_Task details_
Write out exactly, please, every line from the beginning of the entries to the line holding "DMUNESH FASHION Mandarin", and no pictures.

*** Opening Records for this exercise ***

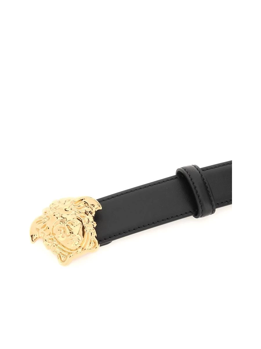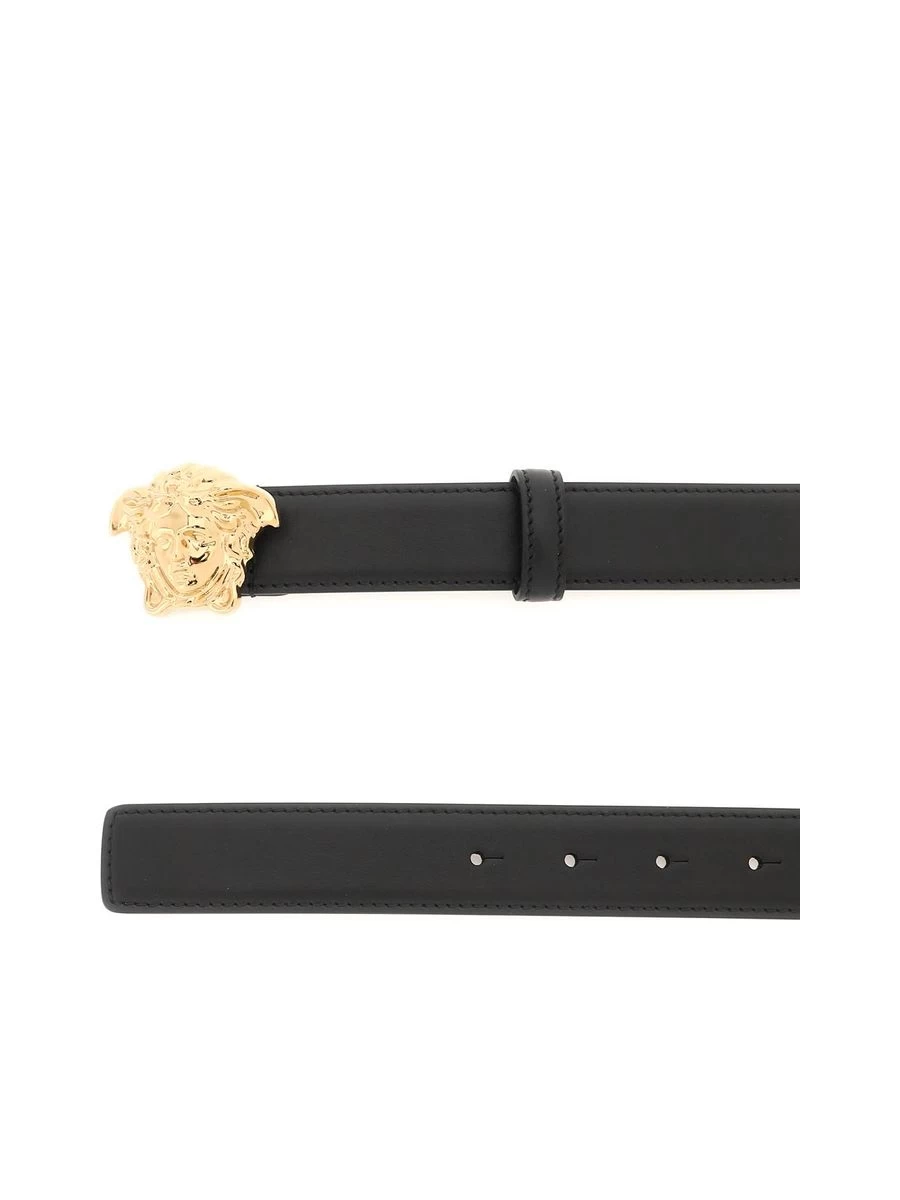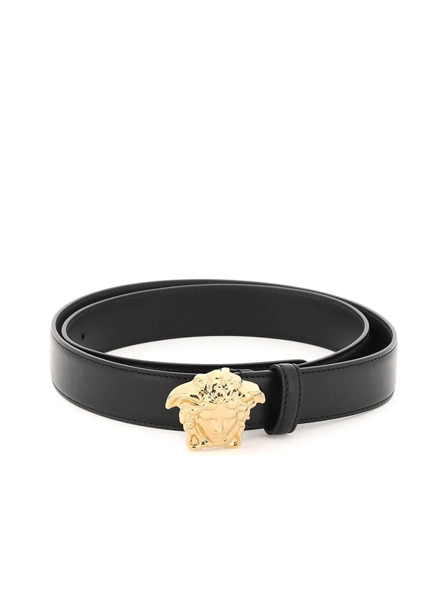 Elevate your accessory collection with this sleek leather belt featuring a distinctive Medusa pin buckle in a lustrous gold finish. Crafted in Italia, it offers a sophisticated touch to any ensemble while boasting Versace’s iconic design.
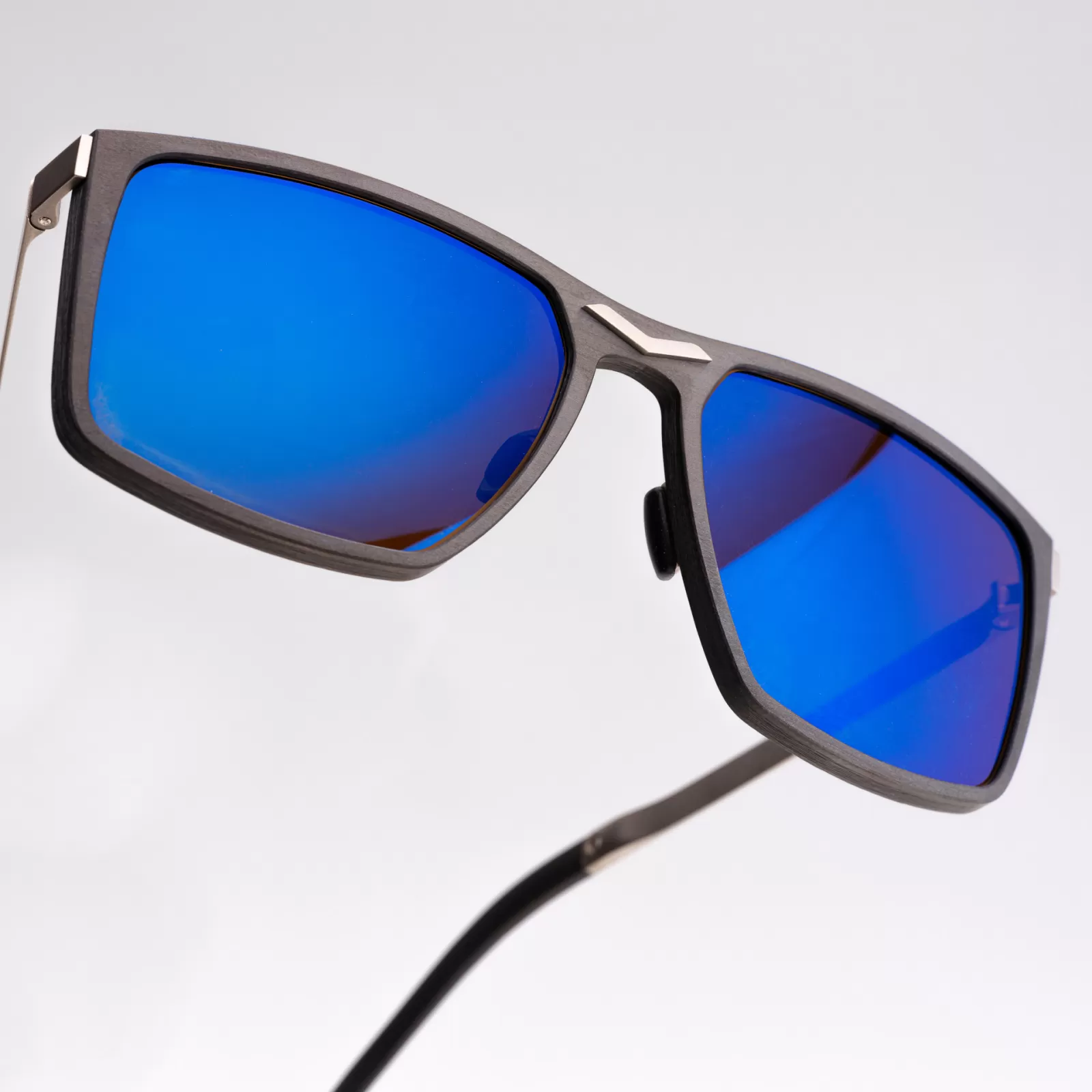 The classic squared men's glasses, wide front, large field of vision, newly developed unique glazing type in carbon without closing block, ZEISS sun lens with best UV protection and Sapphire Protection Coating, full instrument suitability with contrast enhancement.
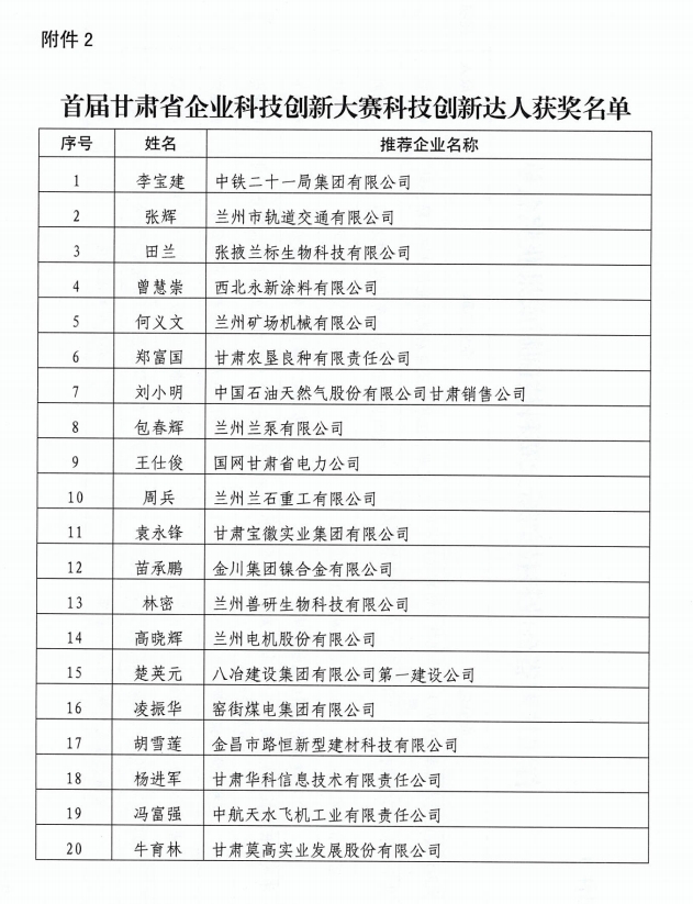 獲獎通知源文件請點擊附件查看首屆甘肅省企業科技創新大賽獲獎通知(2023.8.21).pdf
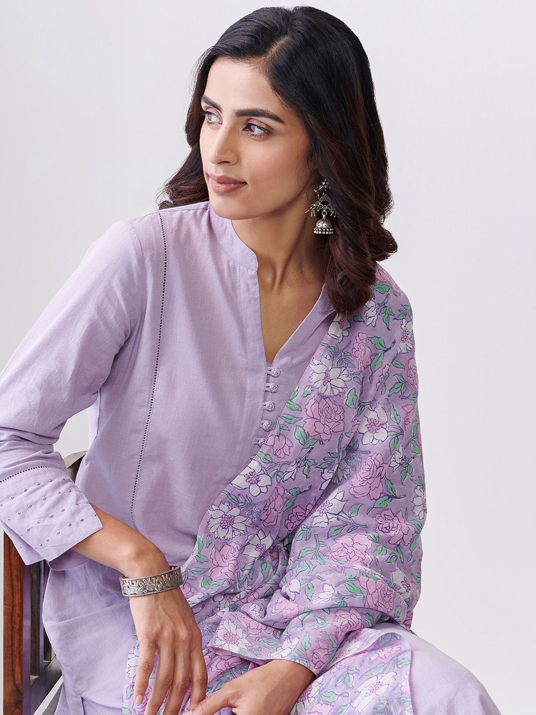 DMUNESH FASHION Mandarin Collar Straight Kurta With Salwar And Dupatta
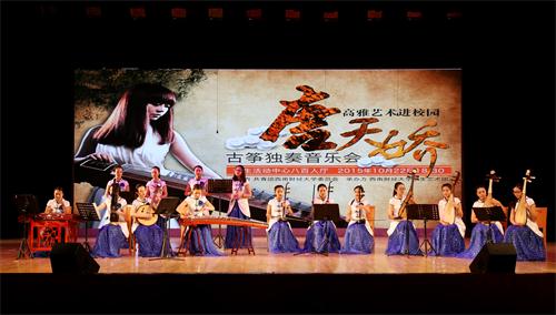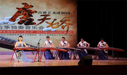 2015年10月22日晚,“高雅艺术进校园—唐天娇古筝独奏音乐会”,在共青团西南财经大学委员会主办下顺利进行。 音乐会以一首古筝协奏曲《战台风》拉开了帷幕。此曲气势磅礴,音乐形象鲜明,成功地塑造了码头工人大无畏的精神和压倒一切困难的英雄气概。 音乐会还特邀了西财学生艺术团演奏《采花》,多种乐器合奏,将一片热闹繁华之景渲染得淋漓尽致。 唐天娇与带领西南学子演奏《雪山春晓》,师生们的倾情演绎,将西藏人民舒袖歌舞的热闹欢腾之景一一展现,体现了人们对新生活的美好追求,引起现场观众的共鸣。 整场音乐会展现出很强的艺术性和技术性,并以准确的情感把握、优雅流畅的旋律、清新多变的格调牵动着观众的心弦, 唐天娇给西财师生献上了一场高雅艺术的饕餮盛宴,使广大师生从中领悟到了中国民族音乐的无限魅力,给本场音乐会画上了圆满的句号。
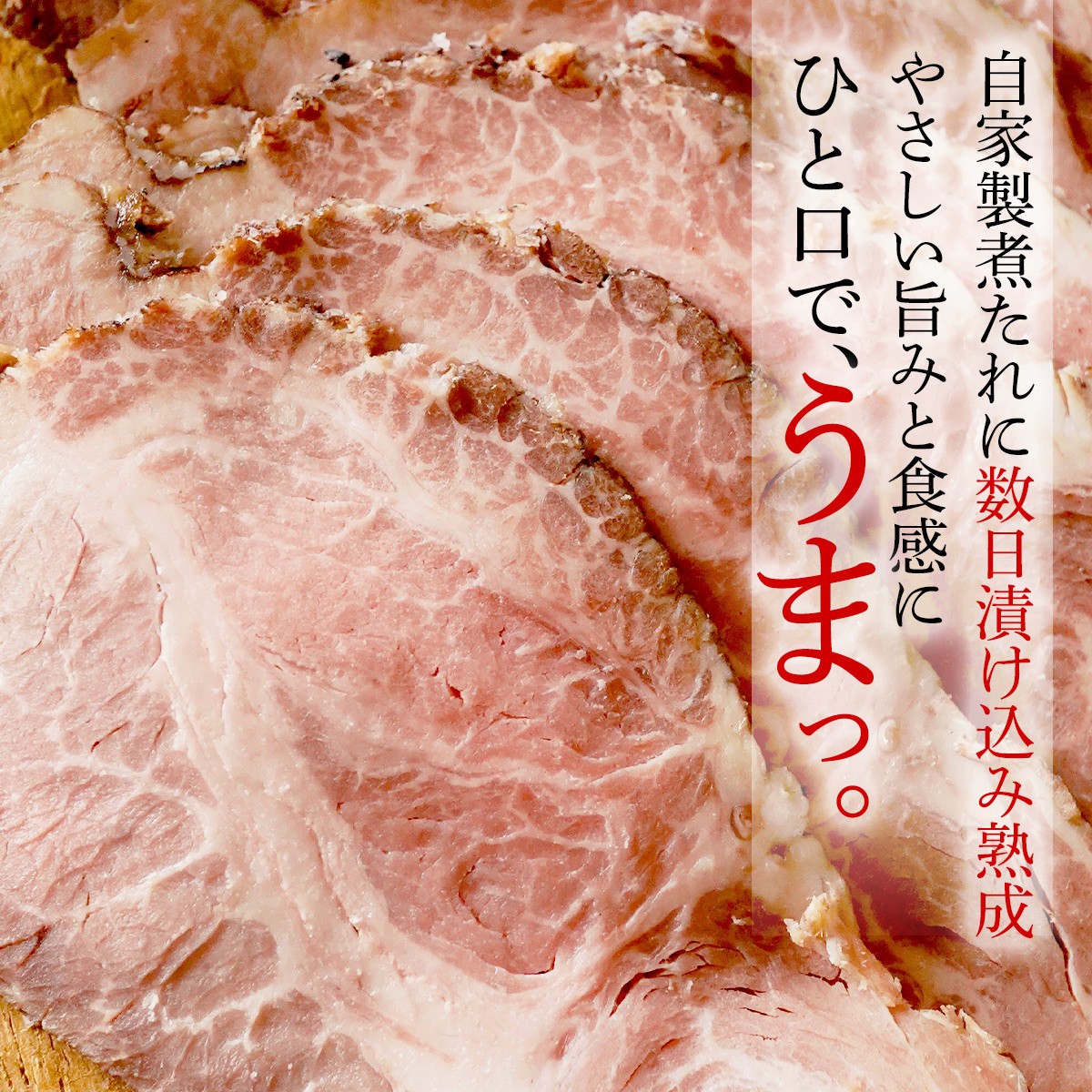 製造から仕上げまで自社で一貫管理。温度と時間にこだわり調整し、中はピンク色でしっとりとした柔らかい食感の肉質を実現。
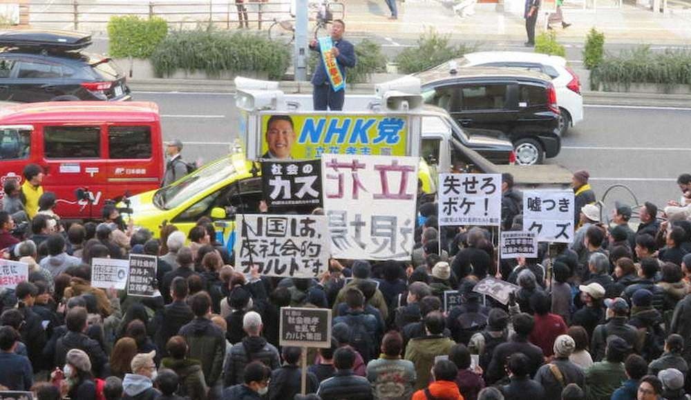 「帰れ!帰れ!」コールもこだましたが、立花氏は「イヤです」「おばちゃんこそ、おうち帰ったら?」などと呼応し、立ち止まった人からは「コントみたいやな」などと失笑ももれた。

*** Closing Records for this exercise ***

_Output for this exercise_
 Elevate your accessory collection with this sleek leather belt featuring a distinctive Medusa pin buckle in a lustrous gold finish. Crafted in Italia, it offers a sophisticated touch to any ensemble while boasting Versace’s iconic design.
 The classic squared men's glasses, wide front, large field of vision, newly developed unique glazing type in carbon without closing block, ZEISS sun lens with best UV protection and Sapphire Protection Coating, full instrument suitability with contrast enhancement.
 獲獎通知源文件請點擊附件查看首屆甘肅省企業科技創新大賽獲獎通知(2023.8.21).pdf
 DMUNESH FASHION Mandarin Collar Straight Kurta With Salwar And Dupatta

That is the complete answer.